__DATA RECORDS__.
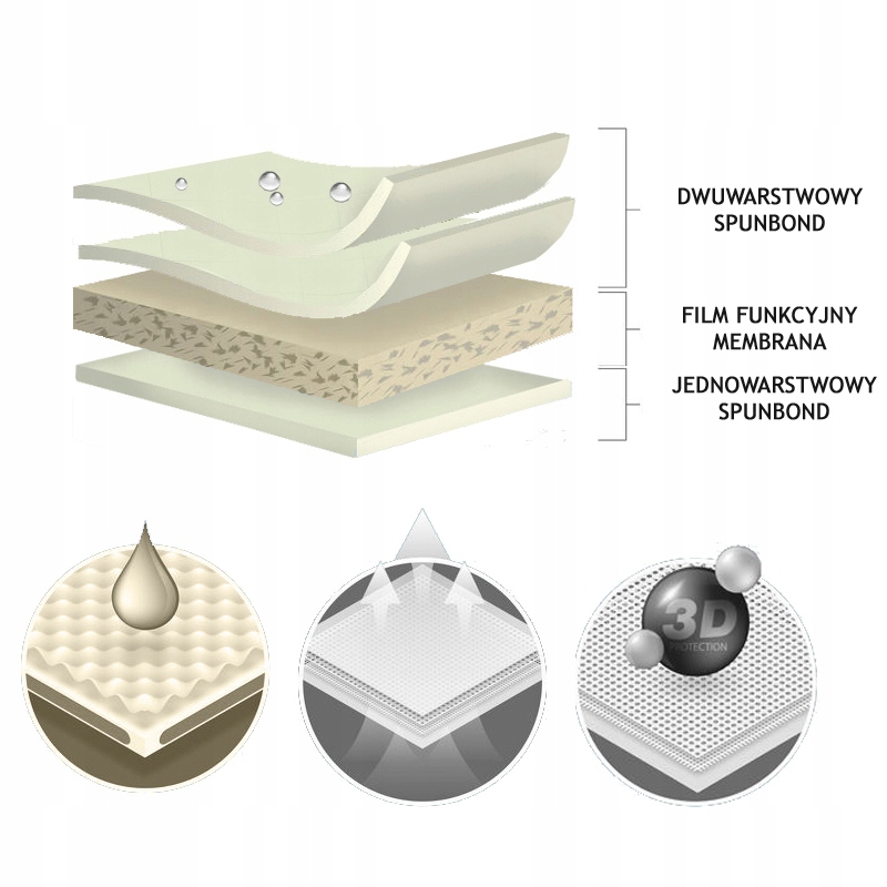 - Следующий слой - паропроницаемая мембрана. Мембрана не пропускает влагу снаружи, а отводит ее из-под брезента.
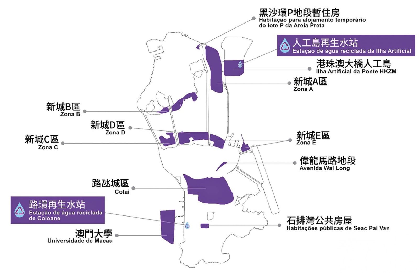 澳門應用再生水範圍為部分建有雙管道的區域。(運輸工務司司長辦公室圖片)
--
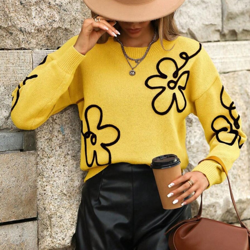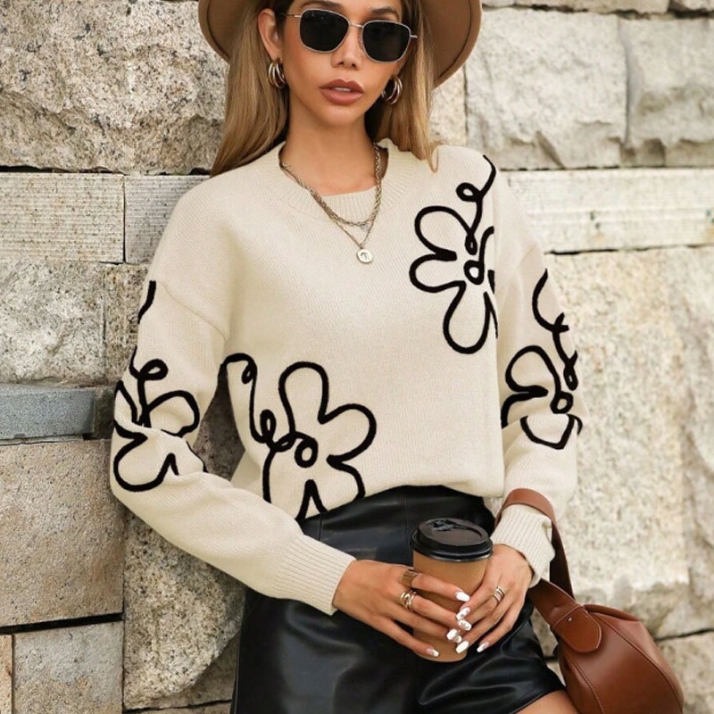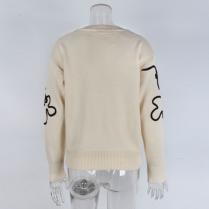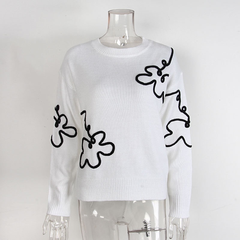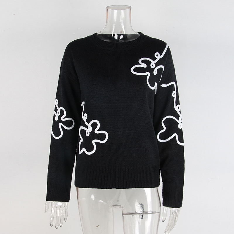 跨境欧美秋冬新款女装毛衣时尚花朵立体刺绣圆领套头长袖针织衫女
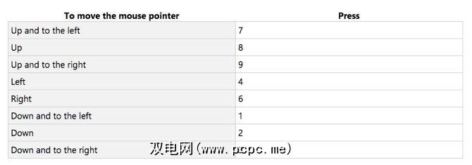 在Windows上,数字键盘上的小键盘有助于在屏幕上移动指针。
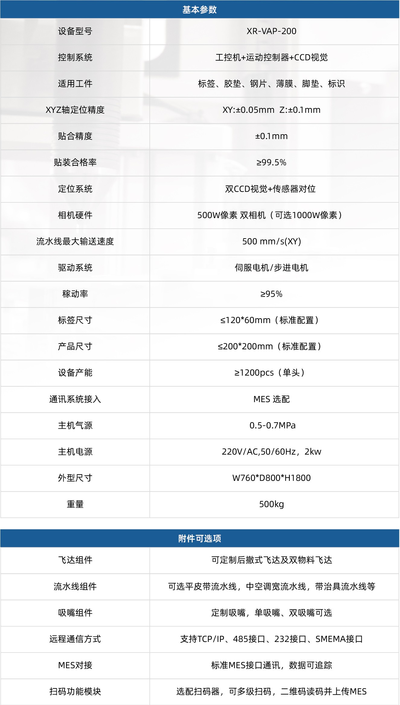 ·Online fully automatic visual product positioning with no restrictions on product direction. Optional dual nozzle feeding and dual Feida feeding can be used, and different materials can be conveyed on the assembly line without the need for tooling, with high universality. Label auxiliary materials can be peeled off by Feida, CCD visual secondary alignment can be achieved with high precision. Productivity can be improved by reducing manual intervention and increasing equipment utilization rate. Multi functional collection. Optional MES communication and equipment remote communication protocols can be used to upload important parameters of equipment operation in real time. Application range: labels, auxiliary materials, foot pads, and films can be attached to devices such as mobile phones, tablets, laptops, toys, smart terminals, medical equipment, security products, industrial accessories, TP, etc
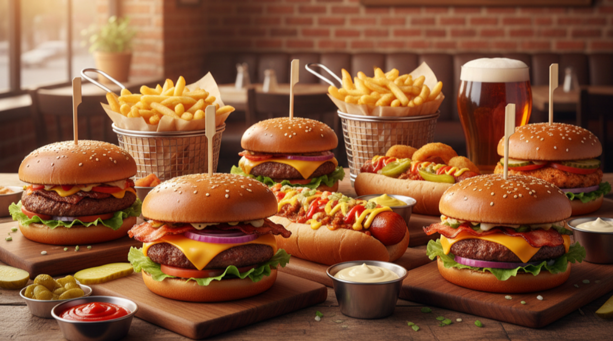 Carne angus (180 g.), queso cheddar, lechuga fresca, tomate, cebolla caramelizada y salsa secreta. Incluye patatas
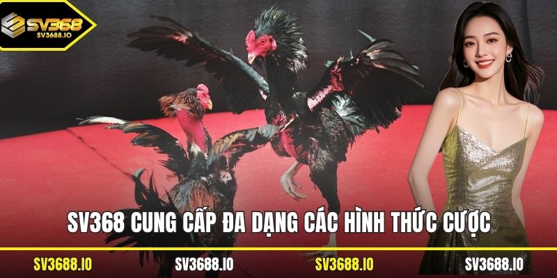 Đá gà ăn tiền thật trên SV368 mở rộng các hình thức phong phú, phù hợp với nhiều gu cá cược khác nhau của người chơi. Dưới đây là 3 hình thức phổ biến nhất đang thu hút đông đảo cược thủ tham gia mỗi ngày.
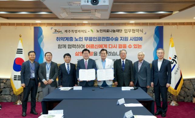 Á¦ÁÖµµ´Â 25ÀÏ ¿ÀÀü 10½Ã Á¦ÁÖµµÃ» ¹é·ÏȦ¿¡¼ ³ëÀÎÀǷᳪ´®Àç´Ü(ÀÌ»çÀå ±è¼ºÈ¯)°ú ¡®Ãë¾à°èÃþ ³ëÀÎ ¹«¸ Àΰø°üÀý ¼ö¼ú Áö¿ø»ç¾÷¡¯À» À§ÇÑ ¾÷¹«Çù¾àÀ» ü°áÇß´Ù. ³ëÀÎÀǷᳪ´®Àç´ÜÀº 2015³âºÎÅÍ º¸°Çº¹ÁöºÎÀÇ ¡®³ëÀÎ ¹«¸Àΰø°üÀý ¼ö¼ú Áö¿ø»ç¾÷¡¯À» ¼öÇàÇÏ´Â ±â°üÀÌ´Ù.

__PROBLEM DESCRIPTION__. How would the lines above read from the one with "跨境欧美秋冬新款女装毛衣时尚花朵立体刺绣圆领套头长袖针织衫女" to the one with "在Windows上,数字键盘上的小键盘有助于在屏幕上移动指针。", inclusive, with no pictures? Write them out exactly.

__FINAL ANSWER__.
 跨境欧美秋冬新款女装毛衣时尚花朵立体刺绣圆领套头长袖针织衫女
 在Windows上,数字键盘上的小键盘有助于在屏幕上移动指针。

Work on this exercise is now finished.